_What to do_
Only lines holding the word "outdoor" are needed; copy each of them from the material.

_Input material_
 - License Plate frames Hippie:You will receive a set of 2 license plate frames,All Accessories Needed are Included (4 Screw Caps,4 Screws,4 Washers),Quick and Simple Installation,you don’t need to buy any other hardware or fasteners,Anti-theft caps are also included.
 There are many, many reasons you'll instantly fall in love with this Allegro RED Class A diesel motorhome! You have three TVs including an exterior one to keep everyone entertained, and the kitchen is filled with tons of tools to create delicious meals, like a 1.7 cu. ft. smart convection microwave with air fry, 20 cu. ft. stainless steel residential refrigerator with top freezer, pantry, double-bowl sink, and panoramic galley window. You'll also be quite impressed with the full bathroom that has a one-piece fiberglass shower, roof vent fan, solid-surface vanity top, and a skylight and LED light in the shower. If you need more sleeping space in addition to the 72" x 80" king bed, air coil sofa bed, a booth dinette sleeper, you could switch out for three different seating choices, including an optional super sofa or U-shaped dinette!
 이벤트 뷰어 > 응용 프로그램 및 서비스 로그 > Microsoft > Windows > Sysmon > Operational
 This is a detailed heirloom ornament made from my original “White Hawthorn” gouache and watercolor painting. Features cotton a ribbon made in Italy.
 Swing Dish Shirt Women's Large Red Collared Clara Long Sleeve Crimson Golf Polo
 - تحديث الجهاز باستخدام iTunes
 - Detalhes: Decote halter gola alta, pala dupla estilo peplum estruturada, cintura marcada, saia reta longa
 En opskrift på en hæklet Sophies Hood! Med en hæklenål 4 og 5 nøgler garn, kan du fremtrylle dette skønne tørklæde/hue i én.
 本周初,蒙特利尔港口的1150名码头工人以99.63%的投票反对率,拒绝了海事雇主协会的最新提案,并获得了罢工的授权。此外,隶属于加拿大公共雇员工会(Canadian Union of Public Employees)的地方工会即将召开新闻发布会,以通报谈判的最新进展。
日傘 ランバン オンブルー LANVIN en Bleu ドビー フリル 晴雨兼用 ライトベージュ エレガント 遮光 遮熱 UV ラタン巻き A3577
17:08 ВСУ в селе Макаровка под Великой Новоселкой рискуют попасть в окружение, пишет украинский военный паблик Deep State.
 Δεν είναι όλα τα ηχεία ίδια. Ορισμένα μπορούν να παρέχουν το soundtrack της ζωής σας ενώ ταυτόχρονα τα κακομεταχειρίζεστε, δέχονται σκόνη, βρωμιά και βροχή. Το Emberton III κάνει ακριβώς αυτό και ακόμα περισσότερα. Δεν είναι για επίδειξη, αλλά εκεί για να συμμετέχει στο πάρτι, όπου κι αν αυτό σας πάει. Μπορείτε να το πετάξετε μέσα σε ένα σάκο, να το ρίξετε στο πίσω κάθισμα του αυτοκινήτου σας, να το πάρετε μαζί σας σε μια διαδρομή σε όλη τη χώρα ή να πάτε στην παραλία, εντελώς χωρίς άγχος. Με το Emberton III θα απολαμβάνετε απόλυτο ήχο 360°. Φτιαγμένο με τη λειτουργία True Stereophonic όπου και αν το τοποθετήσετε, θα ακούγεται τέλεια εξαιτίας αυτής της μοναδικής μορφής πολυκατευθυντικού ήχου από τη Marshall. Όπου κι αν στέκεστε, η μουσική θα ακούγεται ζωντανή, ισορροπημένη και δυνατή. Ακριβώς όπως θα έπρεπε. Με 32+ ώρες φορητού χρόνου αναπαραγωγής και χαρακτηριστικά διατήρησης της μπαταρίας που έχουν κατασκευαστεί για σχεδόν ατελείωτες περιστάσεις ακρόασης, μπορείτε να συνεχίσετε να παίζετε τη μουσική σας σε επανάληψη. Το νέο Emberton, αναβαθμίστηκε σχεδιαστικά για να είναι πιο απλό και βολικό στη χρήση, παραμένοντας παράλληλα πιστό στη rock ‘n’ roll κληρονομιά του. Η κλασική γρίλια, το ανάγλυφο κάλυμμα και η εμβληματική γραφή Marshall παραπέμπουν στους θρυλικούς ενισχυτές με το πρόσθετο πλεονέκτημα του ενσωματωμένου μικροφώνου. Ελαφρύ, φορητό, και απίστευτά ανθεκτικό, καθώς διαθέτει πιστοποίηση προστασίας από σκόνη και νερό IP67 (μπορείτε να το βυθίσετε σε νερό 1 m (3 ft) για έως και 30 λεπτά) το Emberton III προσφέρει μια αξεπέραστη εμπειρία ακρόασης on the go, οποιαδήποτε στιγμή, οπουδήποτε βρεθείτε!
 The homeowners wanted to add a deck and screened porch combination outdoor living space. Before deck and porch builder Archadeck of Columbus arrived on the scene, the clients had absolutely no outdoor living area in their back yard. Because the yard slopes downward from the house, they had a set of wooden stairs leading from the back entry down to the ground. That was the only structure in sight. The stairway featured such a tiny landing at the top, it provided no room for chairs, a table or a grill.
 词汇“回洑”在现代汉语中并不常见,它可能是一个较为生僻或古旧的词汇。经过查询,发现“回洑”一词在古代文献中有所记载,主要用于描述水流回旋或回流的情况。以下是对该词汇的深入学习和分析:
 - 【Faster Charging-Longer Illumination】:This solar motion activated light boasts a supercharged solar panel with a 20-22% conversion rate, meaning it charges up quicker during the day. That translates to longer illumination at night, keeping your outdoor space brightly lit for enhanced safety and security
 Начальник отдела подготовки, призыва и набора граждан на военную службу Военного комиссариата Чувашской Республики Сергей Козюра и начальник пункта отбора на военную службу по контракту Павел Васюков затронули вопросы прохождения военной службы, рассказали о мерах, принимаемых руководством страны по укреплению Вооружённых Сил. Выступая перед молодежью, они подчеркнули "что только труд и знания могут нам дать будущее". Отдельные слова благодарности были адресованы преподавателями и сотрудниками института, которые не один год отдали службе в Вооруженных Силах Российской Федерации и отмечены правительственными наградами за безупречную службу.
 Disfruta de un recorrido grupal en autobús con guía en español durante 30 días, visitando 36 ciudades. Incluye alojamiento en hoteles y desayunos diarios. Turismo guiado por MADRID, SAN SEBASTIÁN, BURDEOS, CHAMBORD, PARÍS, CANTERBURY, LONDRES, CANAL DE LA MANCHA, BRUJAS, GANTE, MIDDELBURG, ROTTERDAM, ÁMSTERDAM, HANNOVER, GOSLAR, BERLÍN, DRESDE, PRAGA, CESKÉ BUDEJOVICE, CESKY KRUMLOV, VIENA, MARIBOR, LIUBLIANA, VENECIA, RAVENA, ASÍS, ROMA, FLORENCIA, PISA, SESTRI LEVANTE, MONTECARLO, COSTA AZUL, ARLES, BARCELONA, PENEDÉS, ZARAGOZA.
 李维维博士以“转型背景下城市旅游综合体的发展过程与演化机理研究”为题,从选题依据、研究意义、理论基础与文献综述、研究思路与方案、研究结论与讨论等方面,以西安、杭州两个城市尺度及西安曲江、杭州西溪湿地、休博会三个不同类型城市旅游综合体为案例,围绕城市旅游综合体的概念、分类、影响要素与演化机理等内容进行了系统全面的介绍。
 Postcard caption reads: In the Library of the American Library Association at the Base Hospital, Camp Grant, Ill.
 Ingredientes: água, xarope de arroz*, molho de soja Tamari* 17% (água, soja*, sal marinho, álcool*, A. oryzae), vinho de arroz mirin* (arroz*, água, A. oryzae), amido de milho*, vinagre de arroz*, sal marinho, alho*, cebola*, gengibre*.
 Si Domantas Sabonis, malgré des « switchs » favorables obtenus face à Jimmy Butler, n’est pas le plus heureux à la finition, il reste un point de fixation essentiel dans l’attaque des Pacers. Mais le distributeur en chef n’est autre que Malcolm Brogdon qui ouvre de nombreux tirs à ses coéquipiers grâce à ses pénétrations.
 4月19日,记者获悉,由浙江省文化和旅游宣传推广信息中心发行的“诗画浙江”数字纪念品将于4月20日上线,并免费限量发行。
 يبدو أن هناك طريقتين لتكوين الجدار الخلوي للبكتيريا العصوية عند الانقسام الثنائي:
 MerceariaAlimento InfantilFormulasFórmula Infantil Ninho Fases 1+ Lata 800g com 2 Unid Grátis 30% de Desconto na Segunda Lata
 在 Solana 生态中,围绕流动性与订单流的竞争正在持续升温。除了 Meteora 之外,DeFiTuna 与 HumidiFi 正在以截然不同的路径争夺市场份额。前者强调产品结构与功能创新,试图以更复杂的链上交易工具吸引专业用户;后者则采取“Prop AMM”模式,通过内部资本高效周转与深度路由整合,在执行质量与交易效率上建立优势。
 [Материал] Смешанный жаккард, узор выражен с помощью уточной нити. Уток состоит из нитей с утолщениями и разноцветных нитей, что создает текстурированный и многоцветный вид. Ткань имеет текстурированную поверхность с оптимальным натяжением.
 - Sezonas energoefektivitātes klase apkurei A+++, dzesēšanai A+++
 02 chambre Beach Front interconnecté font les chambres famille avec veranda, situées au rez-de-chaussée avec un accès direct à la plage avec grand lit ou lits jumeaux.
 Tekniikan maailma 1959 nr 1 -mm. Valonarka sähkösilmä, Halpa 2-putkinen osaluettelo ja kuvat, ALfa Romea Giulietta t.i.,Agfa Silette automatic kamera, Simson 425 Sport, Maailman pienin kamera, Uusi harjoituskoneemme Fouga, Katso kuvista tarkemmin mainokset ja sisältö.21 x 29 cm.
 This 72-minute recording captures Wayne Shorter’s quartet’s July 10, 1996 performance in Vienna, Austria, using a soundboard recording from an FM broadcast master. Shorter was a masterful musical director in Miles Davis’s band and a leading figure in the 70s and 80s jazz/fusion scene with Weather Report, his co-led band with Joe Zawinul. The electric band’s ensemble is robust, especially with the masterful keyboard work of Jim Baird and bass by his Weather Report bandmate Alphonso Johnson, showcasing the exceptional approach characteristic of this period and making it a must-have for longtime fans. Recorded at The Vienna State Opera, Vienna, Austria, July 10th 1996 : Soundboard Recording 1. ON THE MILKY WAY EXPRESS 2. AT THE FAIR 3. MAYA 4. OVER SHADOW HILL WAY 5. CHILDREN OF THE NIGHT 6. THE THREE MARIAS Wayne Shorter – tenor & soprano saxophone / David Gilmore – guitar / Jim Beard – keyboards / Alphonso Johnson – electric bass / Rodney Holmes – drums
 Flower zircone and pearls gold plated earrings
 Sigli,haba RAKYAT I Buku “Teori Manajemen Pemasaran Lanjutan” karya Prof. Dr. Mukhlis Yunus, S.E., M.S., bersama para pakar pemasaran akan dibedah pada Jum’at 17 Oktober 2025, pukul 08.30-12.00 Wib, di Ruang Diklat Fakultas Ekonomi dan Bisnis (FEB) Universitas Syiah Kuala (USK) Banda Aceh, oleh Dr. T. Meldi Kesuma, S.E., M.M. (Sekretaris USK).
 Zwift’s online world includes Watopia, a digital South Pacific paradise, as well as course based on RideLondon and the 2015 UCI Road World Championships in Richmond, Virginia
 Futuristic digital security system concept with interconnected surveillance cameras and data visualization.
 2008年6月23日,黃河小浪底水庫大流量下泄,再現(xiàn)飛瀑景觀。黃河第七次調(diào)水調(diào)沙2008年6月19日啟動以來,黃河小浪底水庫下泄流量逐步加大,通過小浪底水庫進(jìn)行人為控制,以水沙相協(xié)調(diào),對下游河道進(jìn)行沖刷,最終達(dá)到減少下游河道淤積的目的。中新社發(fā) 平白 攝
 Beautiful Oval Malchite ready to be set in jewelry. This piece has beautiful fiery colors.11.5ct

_Completed task_
 The homeowners wanted to add a deck and screened porch combination outdoor living space. Before deck and porch builder Archadeck of Columbus arrived on the scene, the clients had absolutely no outdoor living area in their back yard. Because the yard slopes downward from the house, they had a set of wooden stairs leading from the back entry down to the ground. That was the only structure in sight. The stairway featured such a tiny landing at the top, it provided no room for chairs, a table or a grill.
 - 【Faster Charging-Longer Illumination】:This solar motion activated light boasts a supercharged solar panel with a 20-22% conversion rate, meaning it charges up quicker during the day. That translates to longer illumination at night, keeping your outdoor space brightly lit for enhanced safety and security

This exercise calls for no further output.